Jesus is going deliberately towards his Passion and death. It is easy to imagine that procession: Jesus striding ahead, the disciples following in a daze, and the crowd bewildered. Normal prudence would urge us to avoid suffering and death – to go in the other direction. But this scene is telling us something about the wisdom of the cross, which is foolishness in terms of human wisdom.
James and John picked a bad moment. “Their timing was precisely wrong,” said St John Chrysostom, “for this was not the right time for crowns or prizes. It was the time for struggles, contests, toils, sweat, wrestling rings and battles.” The silliness of their question stands out all the more clearly because of the gravity of the moment. They are looking for preferment.

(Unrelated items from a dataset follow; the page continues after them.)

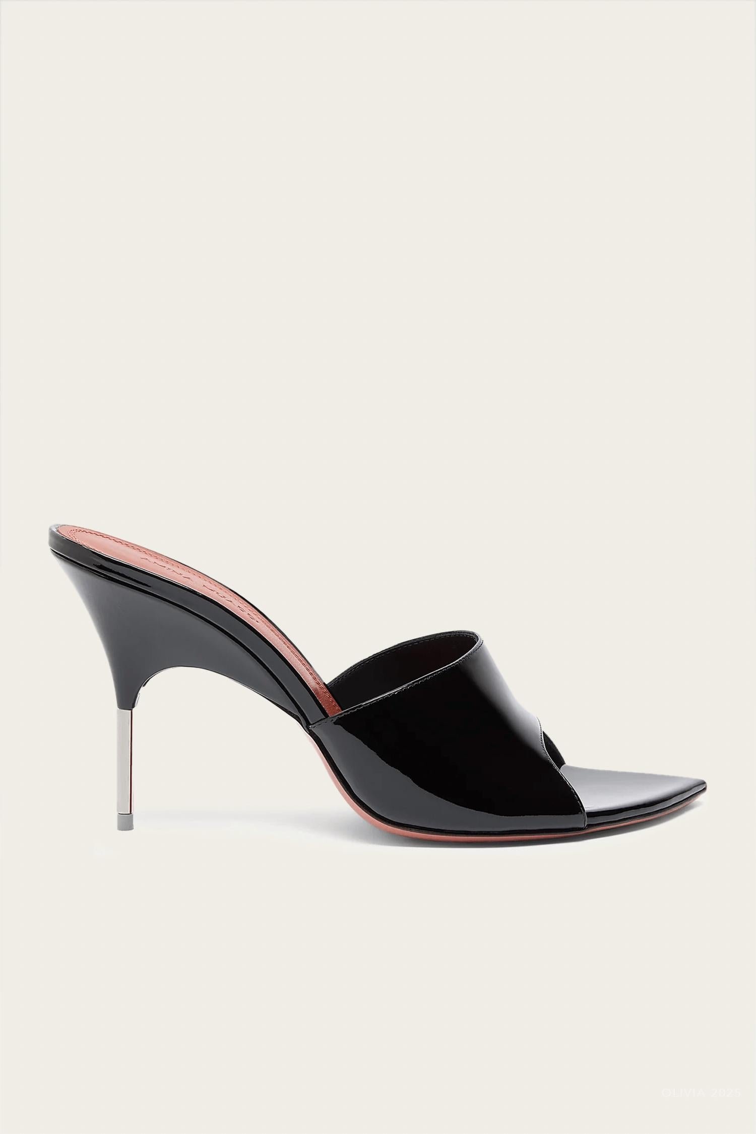 Pair these beauties with your favorite skinny jeans or dress for a night out on the town.Step into elegance with the Women’s Bianca Slipper 95 by Amina Muaddi, showcasing a chic open-toe design in stunning black patent. These high stiletto heels, with a heel height of 3.7 inches, are expertly crafted in Italy, boasting an upper of 100% calfskin leather, lined with luxurious goat leather, and supported by a sole comprised of 70% calf leather and 30% rubber.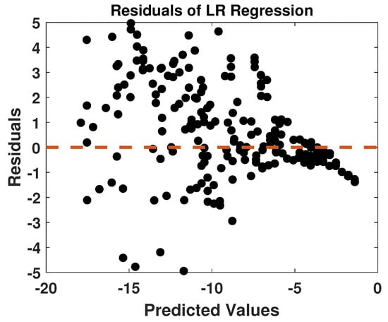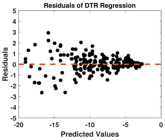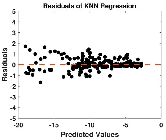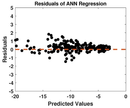The performance of each model is analyzed by computing and comparing the MAE, MSE, RMSE, and R score to find the best model using the Python programming language on Jupyter Notebook. The lowest MAE, MSE, and RMSE and the highest R score are desirable for accurate prediction. Notably, the ANN model exhibits the lowest MAE, MSE, and RMSE and the highest R score. Table 1 shows the error metrics for all regression models. The second model, which shows better results, is KNN. Figure 7 shows the bar chart indicating MAE, MSE, RMSE, and R scores for all regression models used in this paper. Figure 8, Figure 9, Figure 10 and Figure 11 show the residual results for LR, DTR, KNN, and ANN regression, respectively. Figure 12, Figure 13, Figure 14 and Figure 15 show the actual and predicted results for LR, DTR, KNN, and ANN regression, respectively.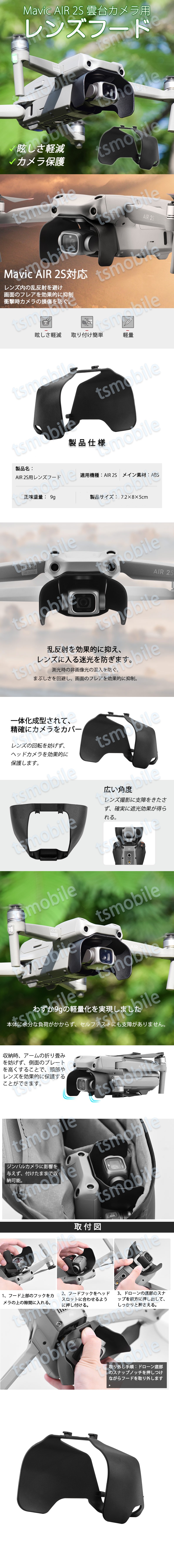 | DJI mavic AIR2Sドローン 適合レンズ内の乱反射を避け、画面のフレアを効果的に抑制し、衝撃時カメラの損傷を防ぐ。カチッと固定できて、飛行中は緩みません。遮光機能を強化しながら外部の衝撃を吸収できる簡単に取り付けられる本体重量: 9g製品サイズ:7.2*8*5cm商品図の中のドローンとバッグは別売りです。本商品の内容はレンズフード1個となります。 |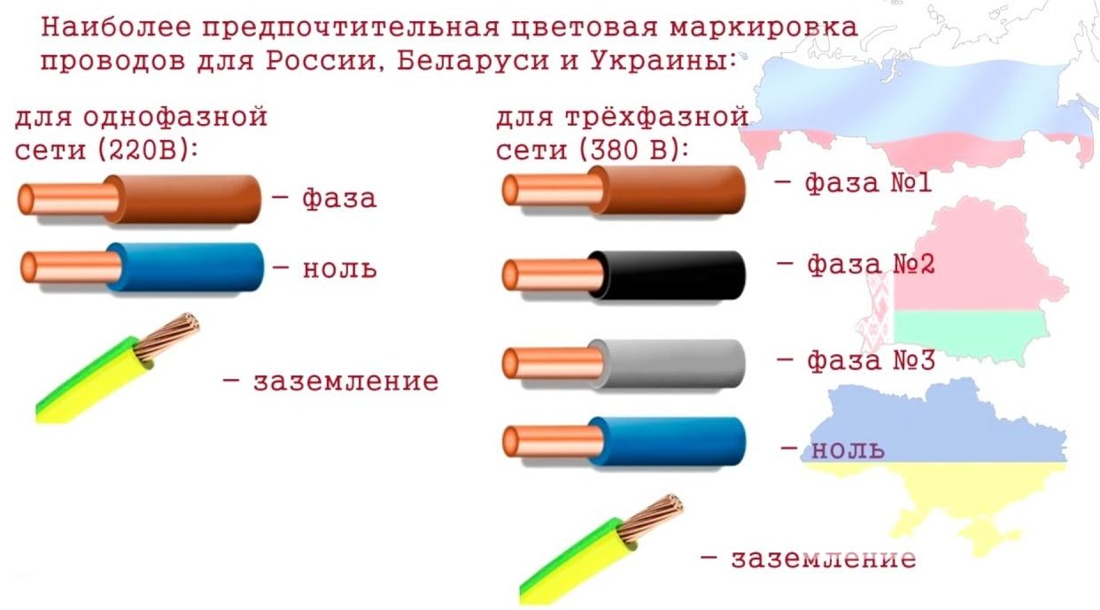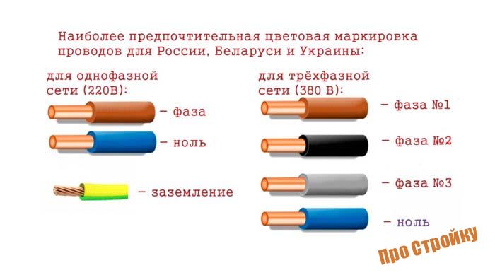 Le marquage vous permet de connecter correctement les fils, de trouver rapidement les bons contacts et de travailler en toute sécurité avec des câbles de tout type et de toute forme. Le marquage, selon le PUE, est standard, donc connaissant les principes de connexion, vous pouvez travailler dans n'importe quel pays du monde.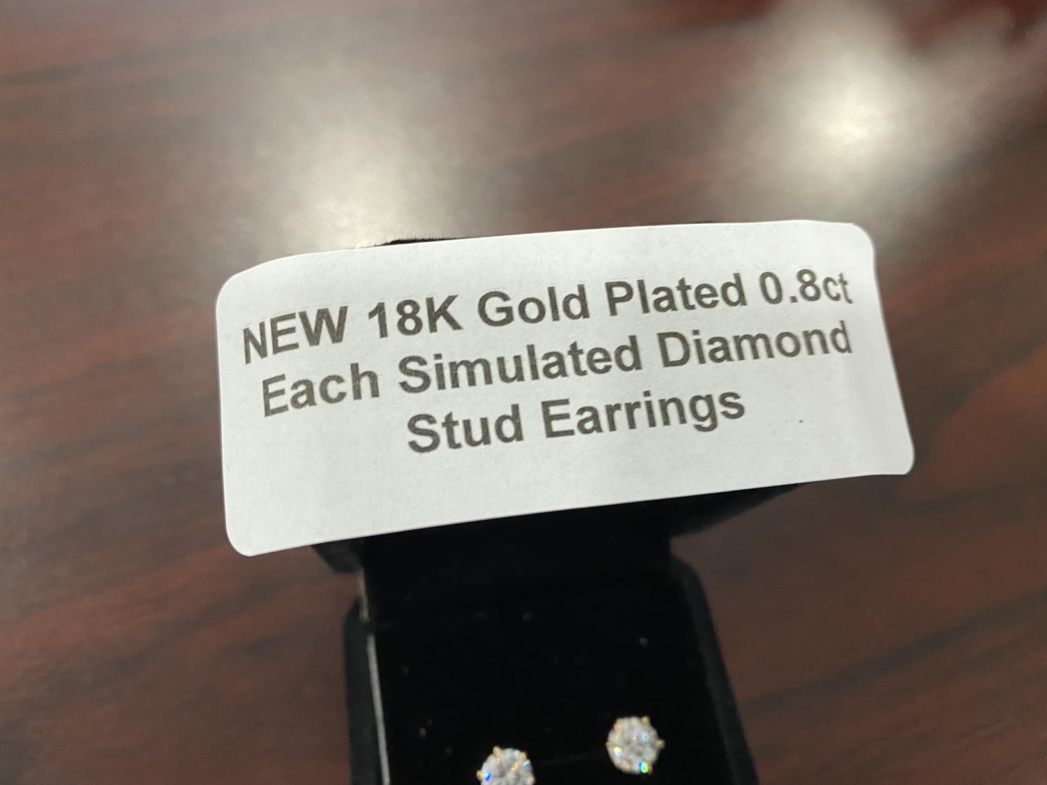 1060 Smartlife 18K Gold Plated 0.8Ct Each Simulated Diamond Stud Earrings (Unused)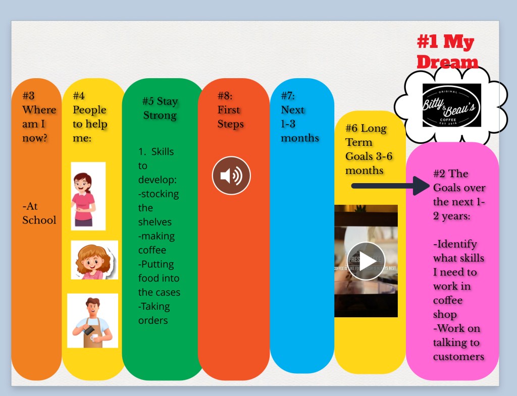 Once the students have used any of the above programs to fill in the PDFs that are part of the Charting the Life Course Framework, some students will take it a step further and put it all together into one document. L was able to do this while he was in school by creating a Google Slide deck, and we continued this method by having him transfer the information from his worksheets into a Google Slide deck for his ISP.
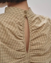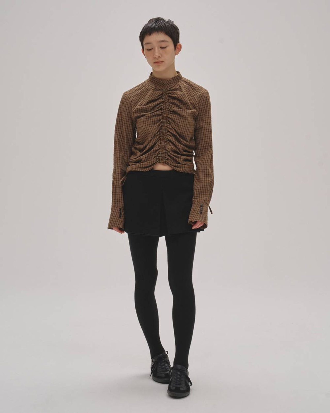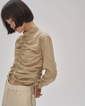 奥行きのあるチェック柄が目をひくブラウス。フロントとサイドに寄せたギャザーでふんわりとしたシルエットをつくり、コンパクトながら女性らしいバランスに仕上げました。シンプルなボトムスに合わせるだけで、華やかでこなれた印象に。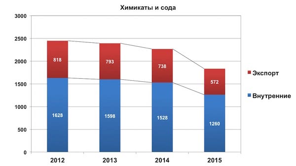 Перевозки химикатов и соды сократились на 19%: внутри страны - на 18%, на экспорт - на 23%.

Mark’s is the earliest of the gospels, and it has none of the polish that the others have; it is blunt in several revealing ways. Matthew’s gospel (20:20) edits the story and has their mother make the embarrassing request! But he forgot to adjust the rest of the story accordingly. He has Jesus replying in the plural, not the singular; and he forgot to delete the words about the others becoming angry with the brothers. If it had been their mother who made the request, the others would have been sorry for the brothers or embarrassed for them, but certainly not angry with them.
Why the cover-up? These two were to become great apostles; with Peter they were the inner group. Yet we see how crass they were in this passage. It gives us all some hope!
With irony Chrysostom noted that there were indeed great things in store for the two brothers. “Jesus foretold great things for them; that is, you shall be held worthy of martyrdom, you shall suffer the things I have suffered, you shall end your life with a death from violence, and in this also you shall be sharers with me.”
Look at the others, the ones who were angry with the “Sons of Thunder” for wanting preferment. If you are angry you are involved somehow; you too are in the running. If the others were not also thinking just like the Sons of Thunder, they would not be angry with them, they would simply pity them; they would take them aside and have a little brotherly chat with them.
But they were angry, they were in no way different from them – except that they were cleverer, less forthright. It is always instructive to look with clear sight at our anger. It always has something to tell us.